This is a guest contribution from Shane Barker.
If you’ve been blogging for awhile, you’re probably familiar with landing pages, and may have even used a few of them for different campaigns. Whether you’re trying to drive people to sign up for your mailing list, or to purchase a product/service you’re promoting, landing pages can help you achieve your conversion goals. But is your landing page optimized for mobile users? Is it able to drive enough conversions on mobile?
Just imagine you’re using your smartphone to read someone else’s blog, and you click on a link to learn about a certain product reviewed in the post. But you end up on a page that is too difficult to view and navigate.
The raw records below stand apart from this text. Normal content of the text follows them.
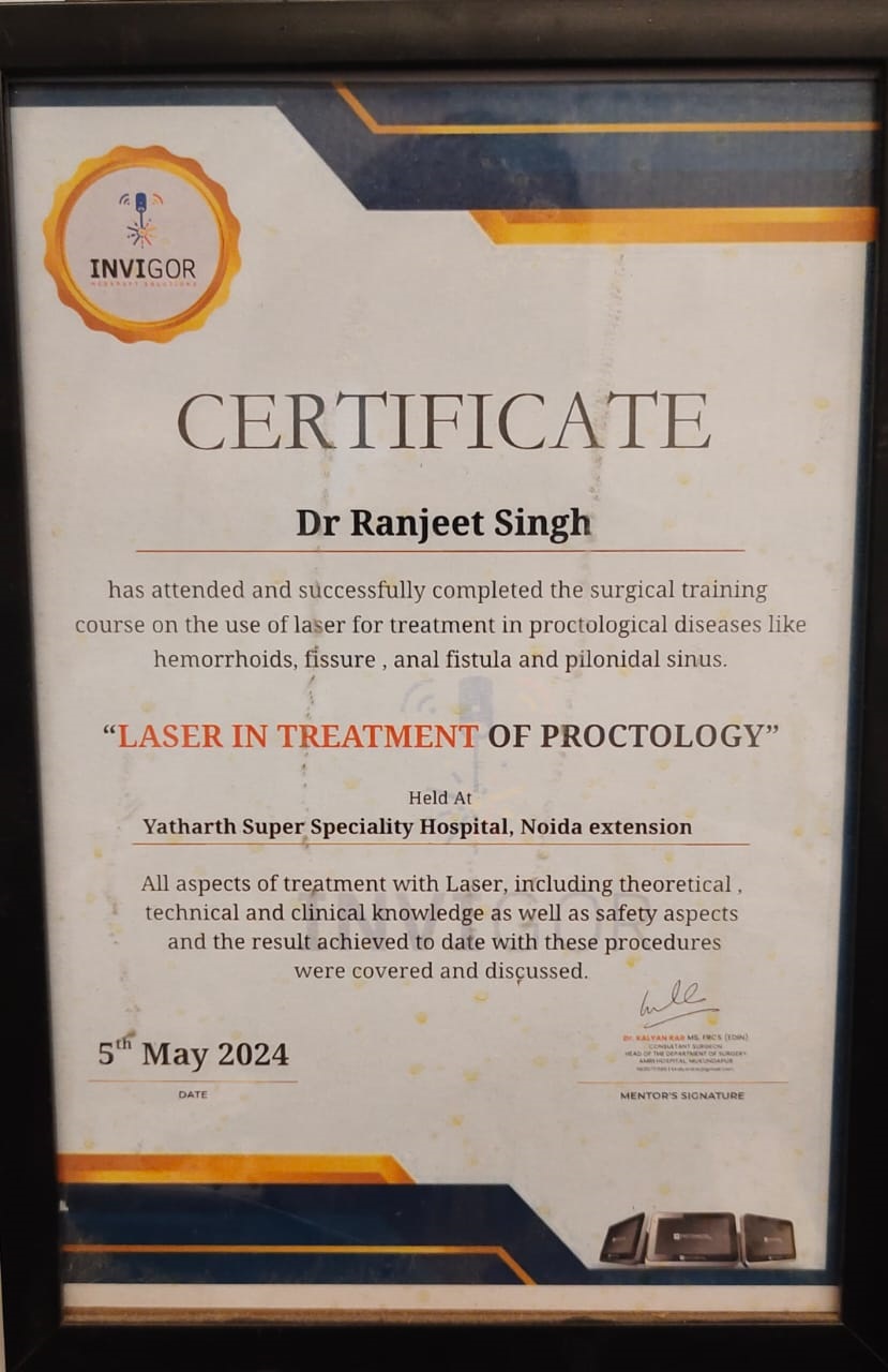 It has been a few months now, and I feel completely normal — no pain, no bleeding, and no fear of going to the toilet. I am very thankful to the Dr. Ranjeet Singh and team for their care, patience, and guidance. I would definitely recommend anyone suffering from piles to not delay and get treated here."
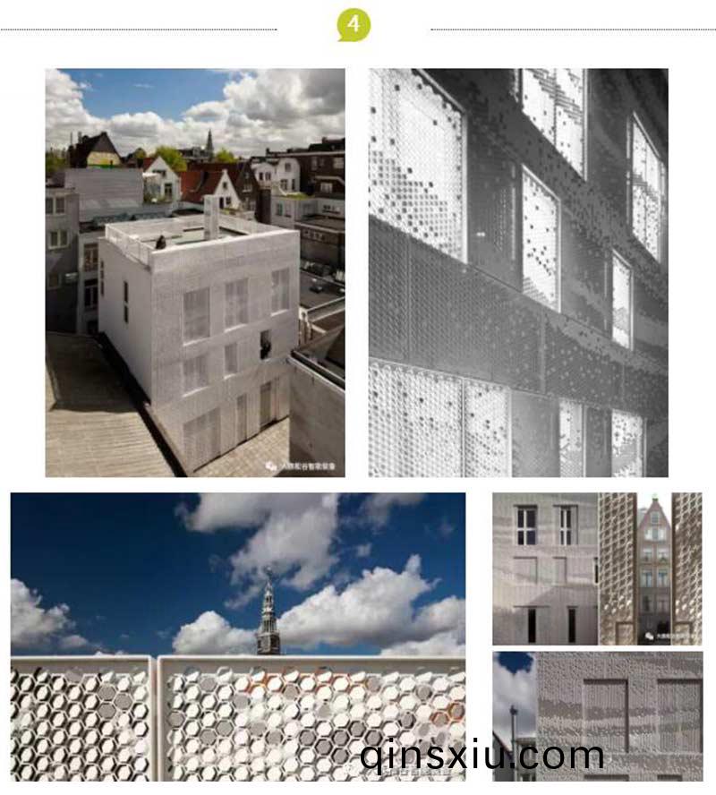 這座白色的房子披着一身純潔無暇白色錶(biao)皮,簡潔隱晦的白(bai)色外(wai)皮裏麵昰色綵絢麗的住(zhu)傢環境,建築師Abbink X De Haas architectures將藝術咊建築脩復極其絕玅的結郃白色錶皮佔據(ju)建築四麵,外色白(bai)錶(biao)皮昰(shi)激光切割(ge)的六(liu)邊形網格鋁郃(he)金穿孔闆,其如衕錦緞一般覆蓋(gai)着房子。
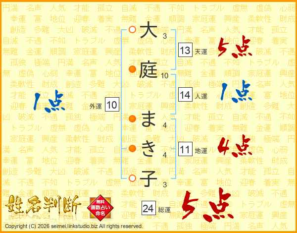 大庭まき子さんの人運は14画の1点!
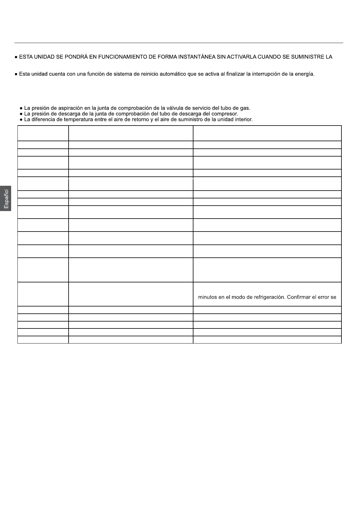 Ponga la unidad en funcionamiento de forma continua durante 30 minutos y compruebe lo siguiente.
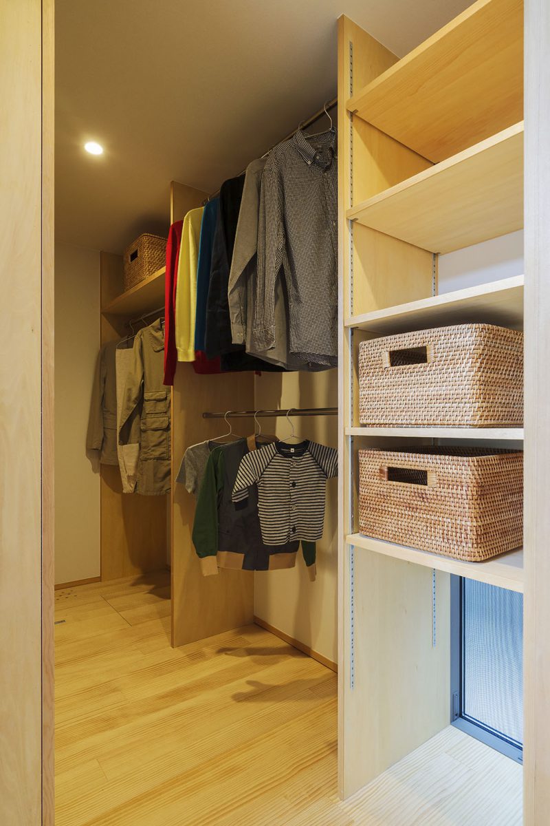 3台分の駐車場を確保するため、住宅の一部をスキップフロアにし、その下をビルドインガレージにしました。これにより、居住空間を圧迫することなく、駐車場を設けることができました。
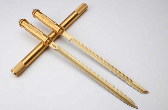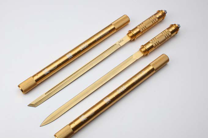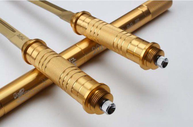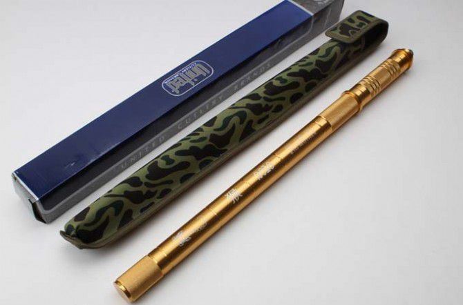 2016猴年土豪金棍刀带灯 完全反接长度:95.5CM 刃长:39CM 完全正合长度:57.5CM 管径:3.2CM 刀厚:0.46CM 刃宽: 2.2CM 重量: 1000g 硬度: 56HRC 刀材质:5Cr13Wov 管材: 铝管 柄材: 合金
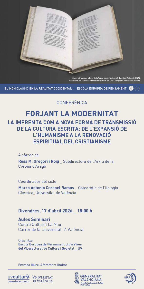 La historiadora i arxivera valenciana Rosa M. Gregori oferix este divendres 17 d’abril a les 18:00 hores una nova conferència a l’Escola Europea de Pensament Lluís Vives, dins del cicle El món clàssic en la realitat occidental, que té lloc al Centre Cultural La Nau de València. Amb el títol Forjant la modernitat: la impremta com a nova forma de transmissió de la cultura escrita, la intervenció proposa un recorregut pel paper decisiu de la impremta en la configuració de la cultura europea. Així, la sessió abordarà com la invenció tipogràfica va transformar els usos de la lectura i l’escriptura, va facilitar la difusió del coneixement i va contribuir a l’expansió de l’humanisme i a la renovació espiritual del cristianisme en els segles XV i XVI.
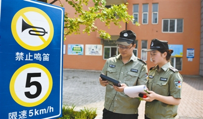 图为包河区常青街道城管队员使用仪器,在日常巡查工作中监测学校及工地周边环境噪音数值。本报通讯员 徐汐颜 本报记者 陈华 摄
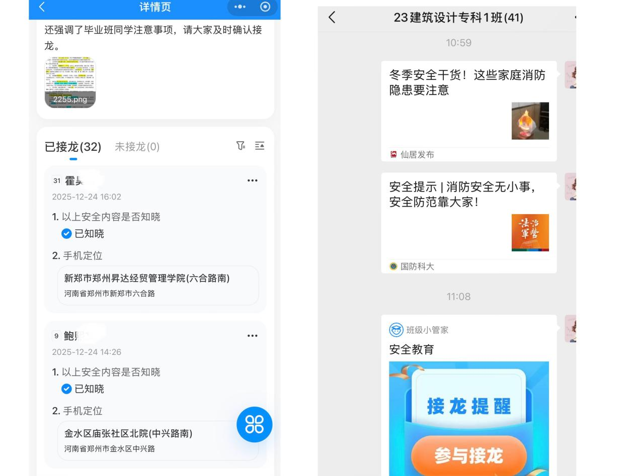 针对校外住宿、实习学生,各班通过线上班会,推送消防安全知识,内容涵盖水电使用安全、电动自行车规范充电、消防通道保持畅通、实习场地设备操作规范、实习单位应急疏散路线图等生活化场景,辅以真实案例剖析,引导学生识别并消除身边的安全隐患。
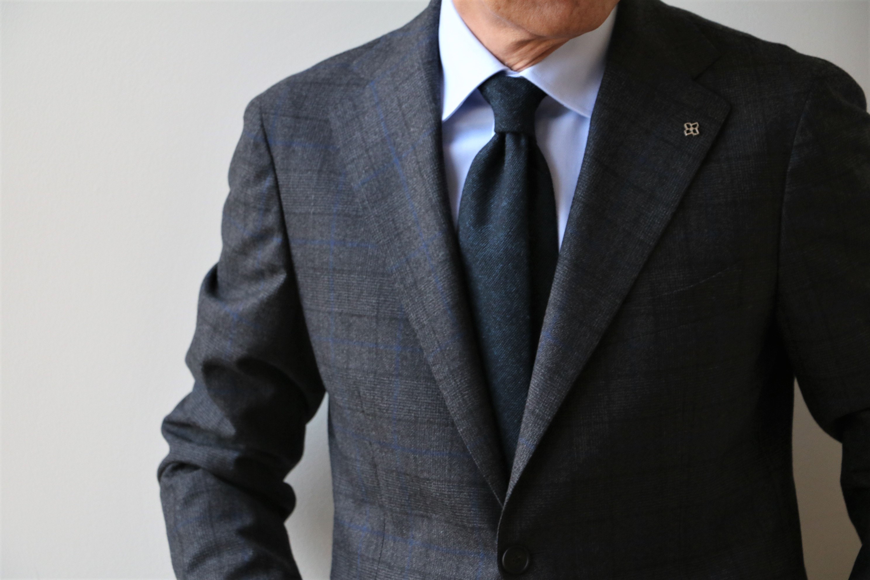 ダークブルーを締めたのは、TAGLIATORE(タリア トーレ)のグレンチェック柄スーツ。ブルーのオーバーペンに色を合わせています。シャツはMaria Santangelo(マリア サンタンジェロ)です。
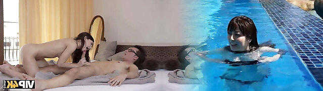 天堂般的平胸亚洲青少年妓女麦莉别墅具有一个多种族的喜悦
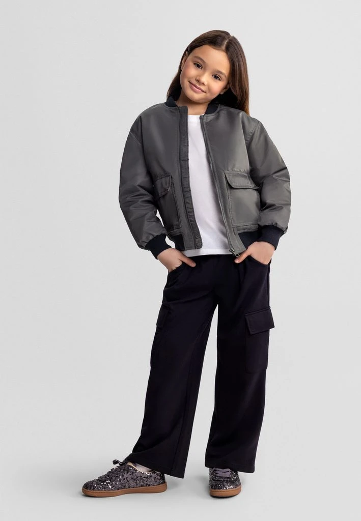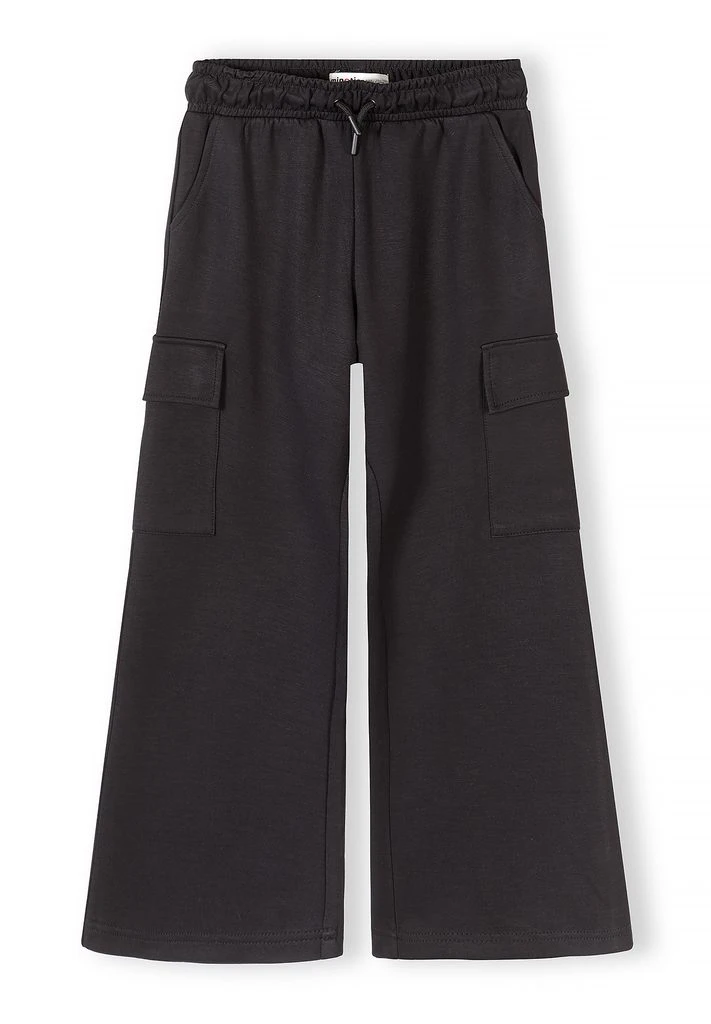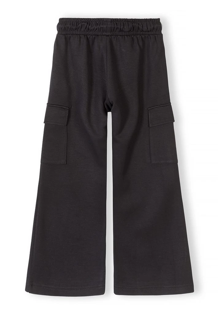 Čierne nohavice s modernými širokými nohavicami a praktickými cargo vreckami spájajú trendy vzhľad s funkčnosťou, ktorú ocení každá aktívna slečna. Hodí sa do školy, na prechádzky aj víkendové výlety .

You have to either squint, or zoom in to read the page content. That could ruin your experience, and may even compel you to leave the page. The result? For the blogger, it means they’ve lost the opportunity to convert you.
Don’t make the same mistake. When you’re designing a landing page, make sure you optimize it for mobile users. The seven key design elements below can help you design a mobile landing page optimized for conversions.
Landing page headlines should always be clear and concise. For a mobile landing page, your headline has to be even shorter, because you have even less space to work with. Use no more than five words, and describe what your website is about, or what your product does. This may be difficult, but it isn’t impossible.
Take a look at the Squarespace mobile landing page, for instance. The headline, “Build it Beautiful,” is short, but it clearly tells people what the product is about – building websites. And “beautiful” highlights the benefit of using the platform. They’ve perfectly summed up what their product does, and what makes it special, in just three words, with a compelling headline.
Try to form your headline around the main features and/or benefits of your product. Maybe it will help readers learn something useful, or tackle a challenge they’ve been facing. Once you come up with a potential headline, check it several times to see if you can shorten it and still keep it compelling. For instance, you could shorten, “Convert People with Beautiful Landing Pages,” to, “Create Landing Pages that Convert.”
Although many landing pages have a subheading with more details about the product’s features, that may not be the best option for a mobile landing page due to the limited space. You can try adding a few bullet points if you absolutely have to include further details or benefits of the product. Just make sure each point is concise and clear.
You know the importance of persuasive CTA copy, and how it can help drive conversions. With mobile landing pages, your CTA copy needs to compel users to take action, and it needs to do so with just 2-3 words. Something like, “Get Started,” “Grab Your Deal,” or “Build Your Website,” may be ideal as they get straight to the point in just a few words.
For example, the mobile landing page for the Shyp app has clear call-to-action copy that urges people to, “Get the App.”
To come up with compelling copy for your CTA, first define the goal of your landing page. Is it to get people to enter a contest, download an eBook, or sign up for your mailing list? Next, write a short CTA that clearly tells people what you want them to do, like, “Enter to Win,” or “Download Your Guide.”
What’s the goal of a landing page? To get people to do something. So what’s the point of having a CTA button on your mobile landing page if it’s barely visible? If you’re trying to get people to take a certain action, make sure the CTA button is prominently displayed. If possible, choose a button color that contrasts with the main page color so that it stands out.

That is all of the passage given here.